Vendredi 15 mai 2009 5 15 /05 /2009 20:00



C'est le coeur bondissant de joie et les oreilles frétillantes de plaisir que je m'en suis allé (station)mirer le dernier Star Trek. Sur la route, une voix profonde se rappelait à moi :

« Espace...

Frontière de l'infini vers laquelle voyage notre vaisseau spatial...

Sa mission : explorer de nouveaux mondes, découvrir de nouvelles vies, d'autres civilisations...

Et au mépris du danger : avancer vers l'inconnu... »

Chemin faisant, je repensais avec nostalgie à mes jeunes années, lorsque je consommais au-delà du raisonnable les épisodes de la série originelle, alors complaisamment diffusés par feu la Cinq, la chaîne qui adorait les extra-terrestres (Jean-Claude bourré Bourret, si tu me lis...). A cette époque le débat faisait rage dans les cours d'école entre les partisans de Star Wars et ceux de Star Trek, débat qui n'était pas sans rappeler celui qui oppose la Science et la Religion ou, plus sérieusement, les tenants des Beatles à ceux des Rolling Stones.

Pour ma part, ledit débat était stérile comme la planète Tatooine : j'aimais les deux et n'ai jamais pu réellement trancher entre les mystiques en kimonos et la pyjama-party de l'espace à bord d'un vaisseau en forme de poêle à frire.


Si j'ai, je l'avoue, quelque peu décroché des multiples avatars de la série, je suis resté fidèle aux dix rejetons sortis au cinéma. Avec, malheureusement, une consternation grandissante. Nonobstant le charismatique commandant Picard (qui, malgré son patronyme, n'était pas un con gelé), force m'est de reconnaître que le dernier, Star Trek Nemesis, était à peu près aussi passionnant qu'un livre de Michel Houellebecq.

Bref, dans mon coeur, le filon Star Trek s'était tragiquement tari.

(Je vous laisse trois secondes pour goûter la figure de style.)

Mais c'était sans compter sur le sens commercial créatif des producteurs états-uniens. Et quelle ne fut pas ma surprise de voir naître Yoda, il y a quelques temps, une jolie bande-annonce qui nous promettait une résurrection du mythe, avec les costumes ridicules, les oreilles pointues, les aliens pittoresques, les dialogues impénétrables (comme par exemple « Je note des variations dans le réseau propulseur » ou « Il faut percer un refroidisseur de plasma ! ») et tout le toutim Burton ! C'était un miracle (les fonds de tiroir).

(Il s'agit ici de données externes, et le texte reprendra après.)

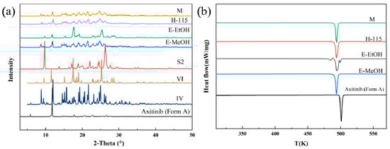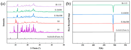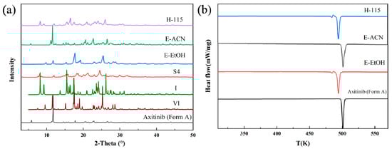 The solvate of AXTN-acetonitrile converted to the new crystal form Z through ethanol-mediated phase transformation. The PXRD pattern of the product showed the appearance of several distinct new peaks (2θ = 19.45°, 23.00°, 25.29°, and so on) (Figure 8a). It can be seen from the DSC curve that the form Z undergoes a polymorph transformation at 490 K (accompanied by the appearance of an endothermic peak), possibly transforming into crystalline form A. In the DSC curve, the second endothermic peak of the product is consistent with that of the raw material (Figure 8b). The TGA curve of form Z is presented in the Supplementary Materials (Figure S6).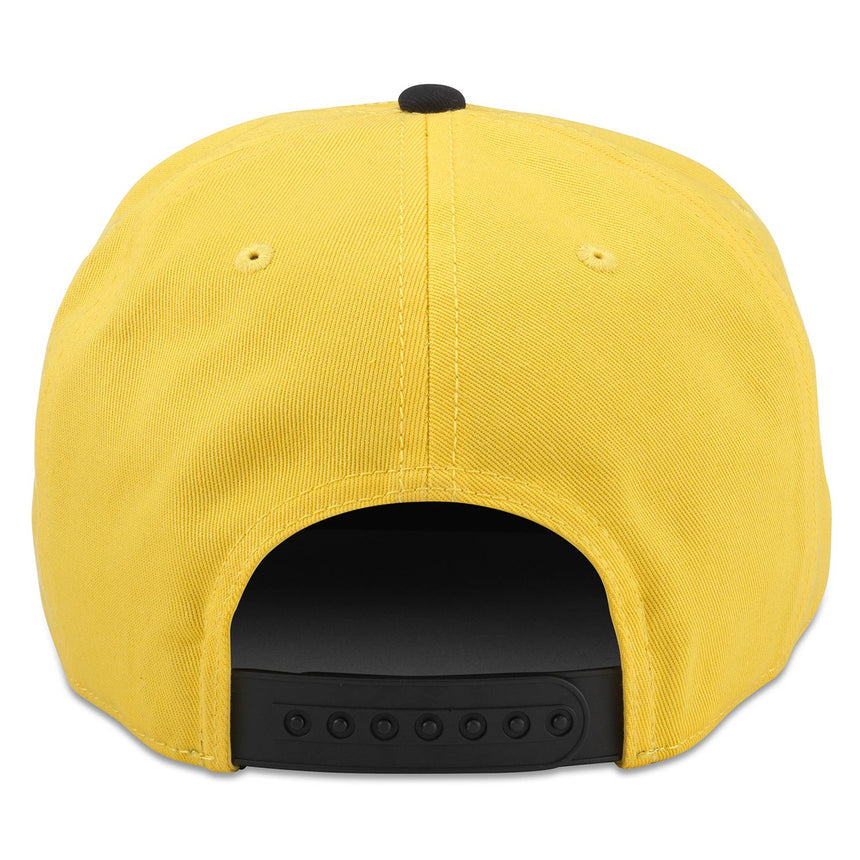 Washed Twill 5-panel with soft structured crown and slight curved visor. Braided nylon cord across seam and plastic snap closure. Front logo is merrowed twill patch or embroidery.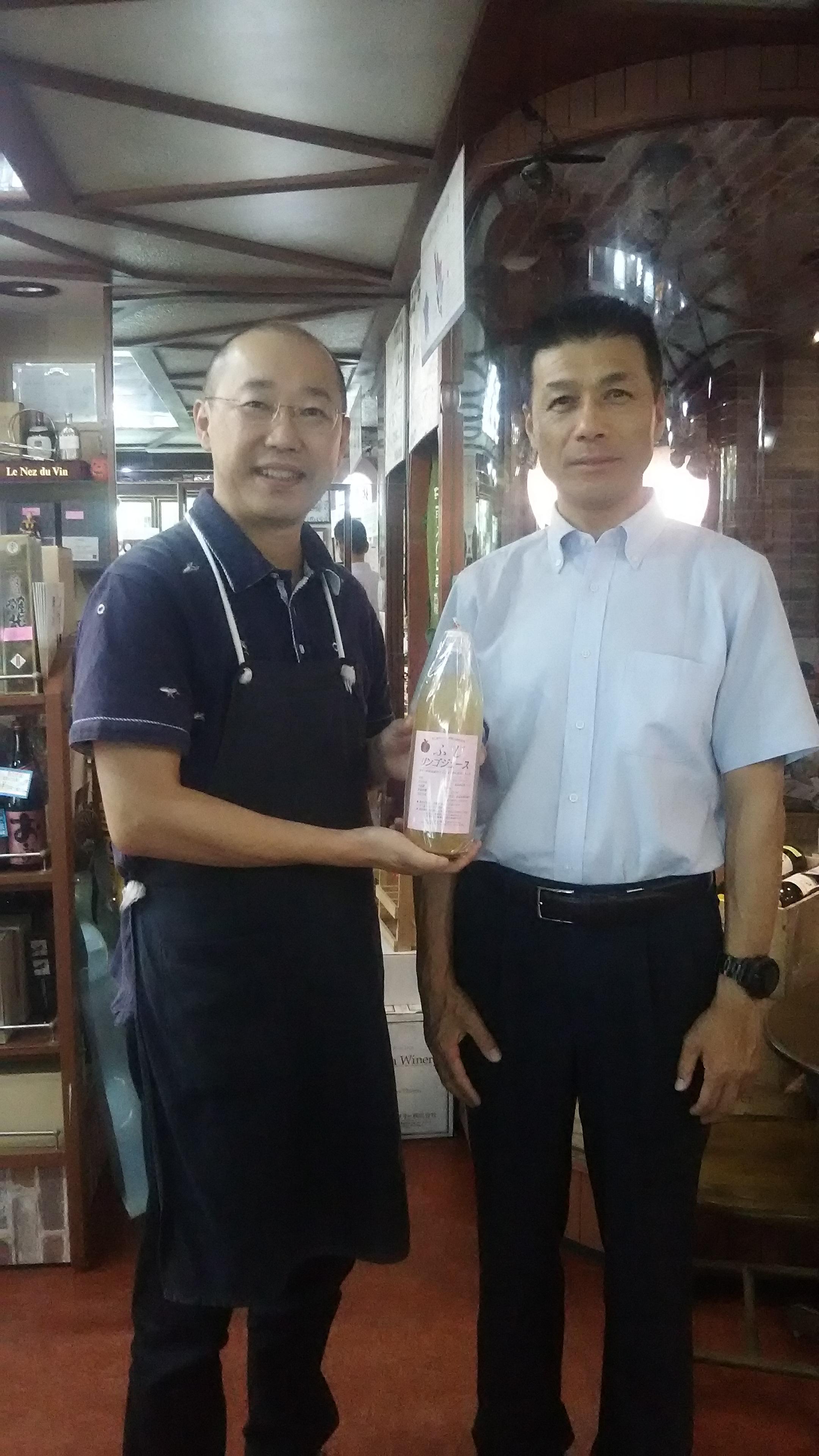 竹下さんとお付き合いを始めたのは、今から10年以上も前にさかのぼります。当時、私は美味しいジュースを探しており、まさに自然の味わいをそのまま瓶に詰めた竹下さんのリンゴジュースの味わいに感動し、すぐさまお取引をさせて頂きました。毎回、長野県の飯田市から、5時間以上もかけて竹下さん自ら届けに来てくださります。本当に頭の下がる思いです。

Bah, le miracle s'est un peu transformé en prout de l'espace. Et si, dans l'espace, c'est bien connu, personne ne vous entend crier, j'ai dû me retenir de pousser des hurlements de chien à demi écrasé qui auraient largement surpassé les nombreuses explosions et l'énervante musique du film.

Qu'est-ce que c'est que cette ratatouille intergalactique qu'on a voulu nous vendre là ?!!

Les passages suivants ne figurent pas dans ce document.